The Kastles host nine of these tennis clinics a season, the majority on the stadium courts in the heart of downtown, where the old convention center once stood. However, they sometimes go into the community to host them in rec centers and racquet clubs. The clinics are led by the players themselves — by the Williams sisters, Anna Kournikova or Murphy Jensen. It allows the star athletes to give back to the community and seems as meaningful to them as it is for the children.

“If you talk to Venus and Serena,” says Ein, “one of the reasons they love World Team Tennis is because when they were eight years old they went to a World Team Tennis clinic that Billy Jean King was throwing. They said it changed their lives forever to see Billy and get to meet her and be inspired by her. And so when they come to town, they do the same for inner city kids in Washington. They’ve done that every year they come. They did it again this year.”

Introducing tennis to youth culture is a critical mission of Ein’s, as well as the WTT league. He believes the fundamentals one learns in the game are resounding life lessons. “It’s the sport of a lifetime, not just because you can play your whole life, but because the lessons you learn stick with you in life,” he says. “Tennis is unique because of its individual nature. It teaches you discipline, self-reliance, problem solving — because it’s you against one person within four lines trying to figure it out. It teaches you strategy. It teaches you to think on your feet. It teaches you to be fit. And these are all fantastic lessons that you can apply to anything you do in life, whether it’s business as I’ve done, or anything you decide to do.”

Ein met Billy Jean King just over three years ago at the US Open tournament. After being introduced, the conversation moved quickly in the direction of organizing a World Team Tennis franchise in Washington. King had long desired a WTT team in the nation’s capital, but had never found the right owner. Until Ein came along.

King upholds a few major tenets within the league that inspired Ein in his efforts to spearhead the project: to promote gender equality — WTT is the only professional sports organization where men and women play together on the same team — make tennis accessible in a community atmosphere, expose new players to the sport in an engaging environment, and introduce tennis as a team sport, creating an entirely new dynamic within a well-established, traditional game. Or, as Ein simply states it, “Make it more fun.”

And while the causa causans of World Team Tennis holds steady, make no mistake that this is still among the highest quality professional tennis one will see outside of the majors. The companionship of teammates and a sense of home turf offense, almost unheard of to the solitary tennis champion, motivates players in fresh and unfamiliar ways.

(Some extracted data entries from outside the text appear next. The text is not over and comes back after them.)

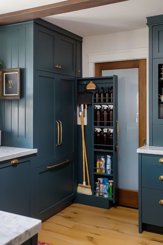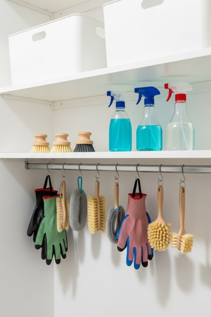 Install hooks for brooms and mops, add slim bins for refills and attachments. Vertical placement keeps tools off the floor.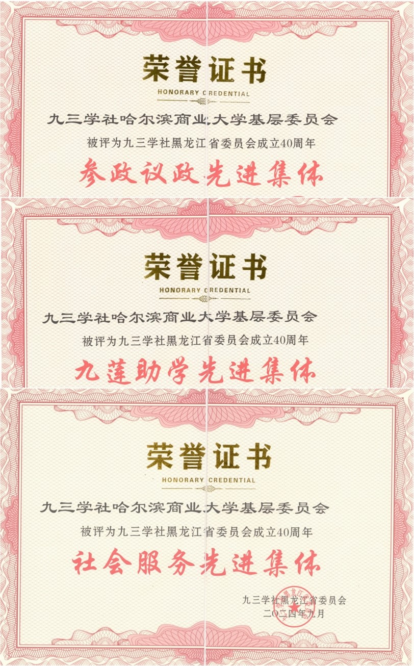 长期以来,九三学社哈商大基层委员会始终坚持政治引领、凝聚思想共识、不断加强自身建设,在参政议政、思想宣传等方面取得了优异成绩。九三学社哈商大基层委员会主委晏祖根表示,多项集体和个人荣誉的获得是九三学社黑龙江省委员会对我校基层委员会多年来工作的认可和肯定,九三学社商大基层委员会将珍惜荣誉,发扬传统精神,为助力龙江全面振兴全方位振兴作出更大贡献。九三学社哈商大基层委员会全体社员表示,要继续坚持与党同心、追求真理的坚定信念,充分发挥自身优势,积极履行参政议政职能,立足岗位建功立业,为龙江建设和学校发展贡献“九三人”的智慧和力量。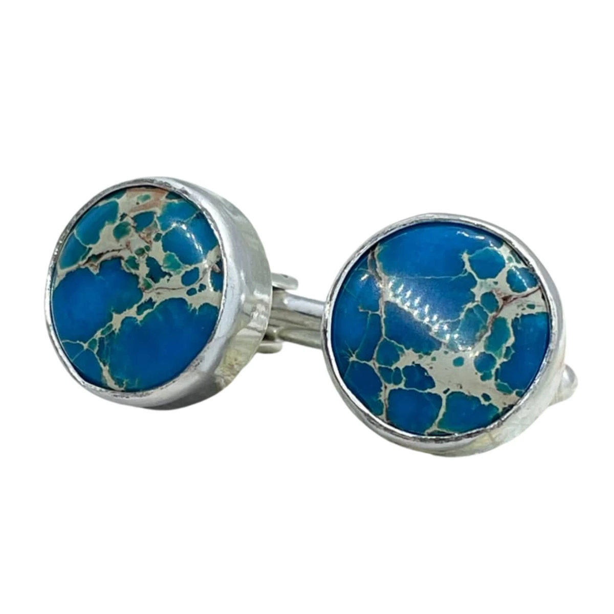 Okrągłe spinki do mankietów wykonane zostały ze srebra próby 925 i malowniczych jaspisów cesarskich. Oryginalne wybarwienie kamieni przywodzi na myśl wzburzoną morską toń. Srebro w procesie tworzenia było polerowane dla wydobycia z niego wyjątkowego blasku. Spinki będą stylowym uzupełnieniem męskiego stroju wieczorowego lub trafionym prezentem dla przyszłego pana młodego.

Unlike most tennis tournaments, where players represent only themselves and fans cheer for good points more frequently than an individual, a WTT match really does function more as a baseball game. The home team will have the fans on their side. “Here, people are rooting for your team,” Ein says. “And that really gets people playing.” No one wants to see the visitors win, whether the Colts are trampling the Redskins, or the Washington Kastles are being defeated by the New York Sportimes.

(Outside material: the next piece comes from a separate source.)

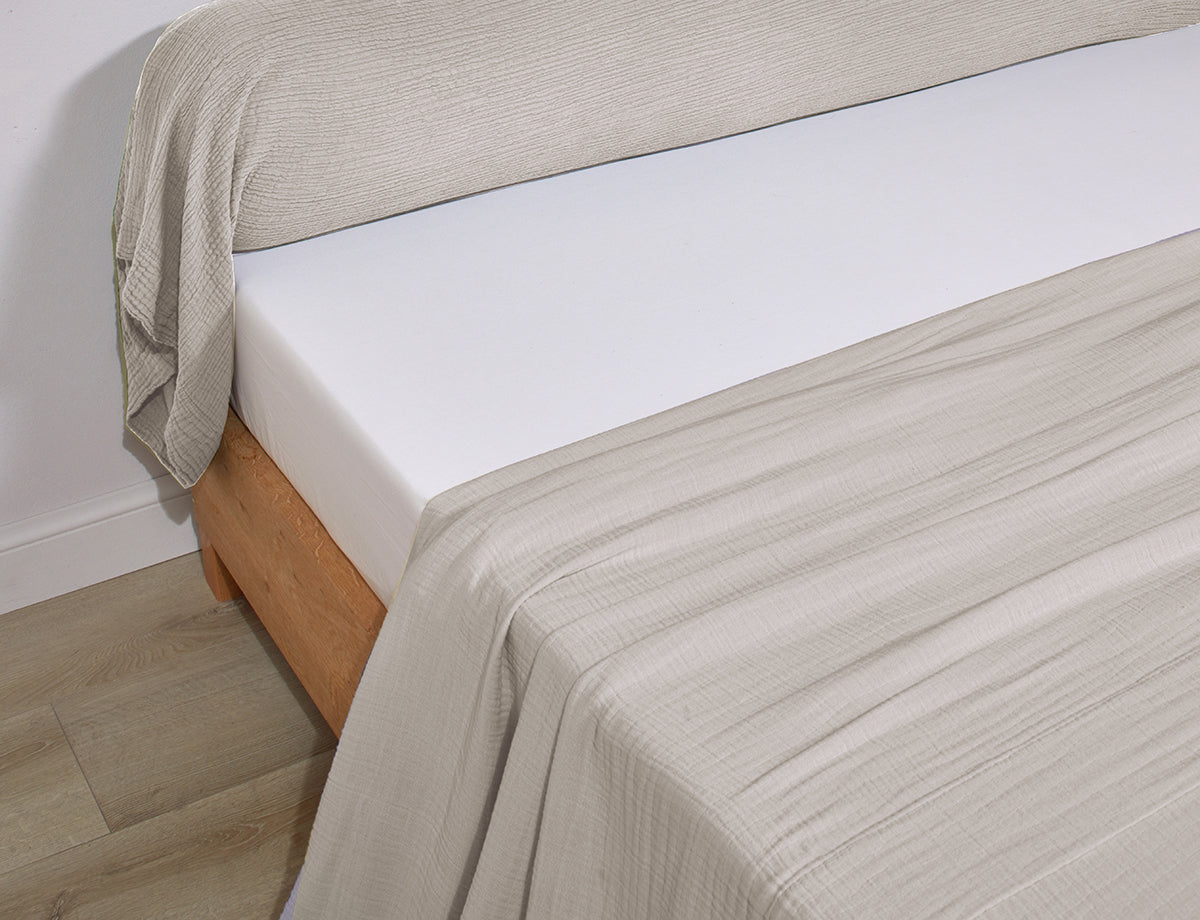 Cette gamme comprend un drap, une taie d'oreiller, une taie de traversin et une housse de couette, tous conçus pour s'harmoniser parfaitement dans votre chambre.

And then there is the added pressure. In a typical tennis match, the pressure is largely internal. But on a WTT team, team pressure can keep a beaten player from giving up. Letting your team down can be far worse than letting yourself down, and this sharpens the players’ focus. It was this very sense of camaraderie that carried the Kastles to the championship last year.

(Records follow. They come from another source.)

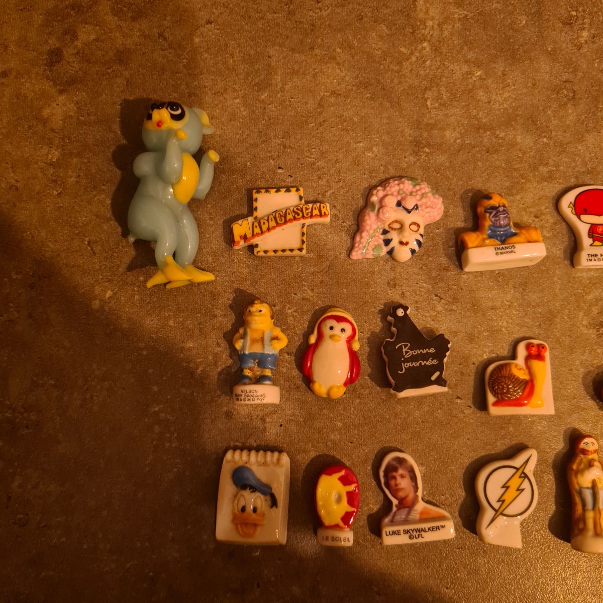Je vend ce lot de 25 fèves et une petite figurine en verre offerte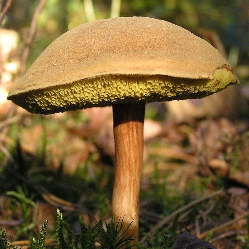 Моховик зелёный относится к наиболее распространённым из рода Моховик. Шляпка Моховика имеет выпуклую форму, по центру находится бугорок, поверхность шляпки бархатная и сухая, может растрескиваться. Окраска шляпки оливкового цвета или жёлтая, слой с трубочками имеет ярко-жёлтую окраску, позже приобретает зеленоватый оттенок.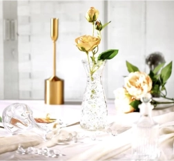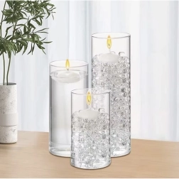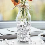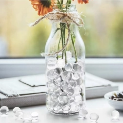 Prozorne perle aranžmajem dodajo čist, moderen videz ter stabilizirajo stebla cvetlic in sveče v steklenih posodah.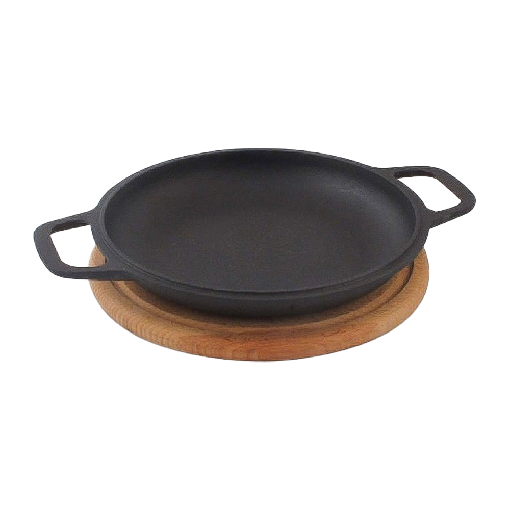Eine portionierte gusseiserne Bratpfanne mit einem Holzboden (Material - Buche) zum Servieren und Kochen. Jetzt können Sie nicht nur sich selbst und Ihre Gäste mit leckeren Gerichten erfreuen, sondern sie auch mit dem Original-Servieren überraschen - direkt vom Herd auf den Tisch. Eine portionierte Bratpfanne macht das Essen noch ansprechender und appetitlicher. Jedes Stück bewahrt seine Wärme und sein Aroma.

“We were down three championship points,” Ein explains, crouching in, reliving the memory. “Olga [Puchkova] — who won it for us — she hadn’t had the greatest year. And she was playing … one of the best girls in the league, [Vania King]. And every point Murphy [Jensen] was coming out in between and saying, ‘You’re good. We love you. You’re gonna do this, you’re gonna do this.’ And he, like, literally carried her through. I mean, she was unbelievable, but the team really carried her through.”

Only three years after their founding, the Washington Kastles have a championship under their belt. Most matches in the 3,000-seat Kastle Stadium sell out. Ticket sales and sponsorships are by far the highest in the league — three times the league average and 40 percent higher than the second highest team. “It’s truly succeeded my expectations in every respect,” admits a humbled Ein, who attributes the ultimate and holistic success of the Kastles with the thriving state of the Washington tennis community

“I think D.C. is one of the best tennis communities in the United States,” he says. “I was a ball kid at what’s now the Legg Mason … There’s a long history of people supporting tennis.” With 60,000 adults in the Washington region registered with adult team tennis leagues, the District’s tennis scene would appear to be in its golden age.

To an outsider, tennis can seem beside the point, sluggish, even static. On television, the cameras don’t move, and it’s unnervingly quiet save for a few choice grunts and hollow popping sounds. But to those familiar with the game, that small green court with its clean white lines is the projection of interpersonal triumphs, of unresolved grievances. Surely I cannot be the only one to have stood gracelessly at the baseline, lamenting my hopeless serve and envisioning the superhuman potential unlocked by Sampras, Borg or Graf.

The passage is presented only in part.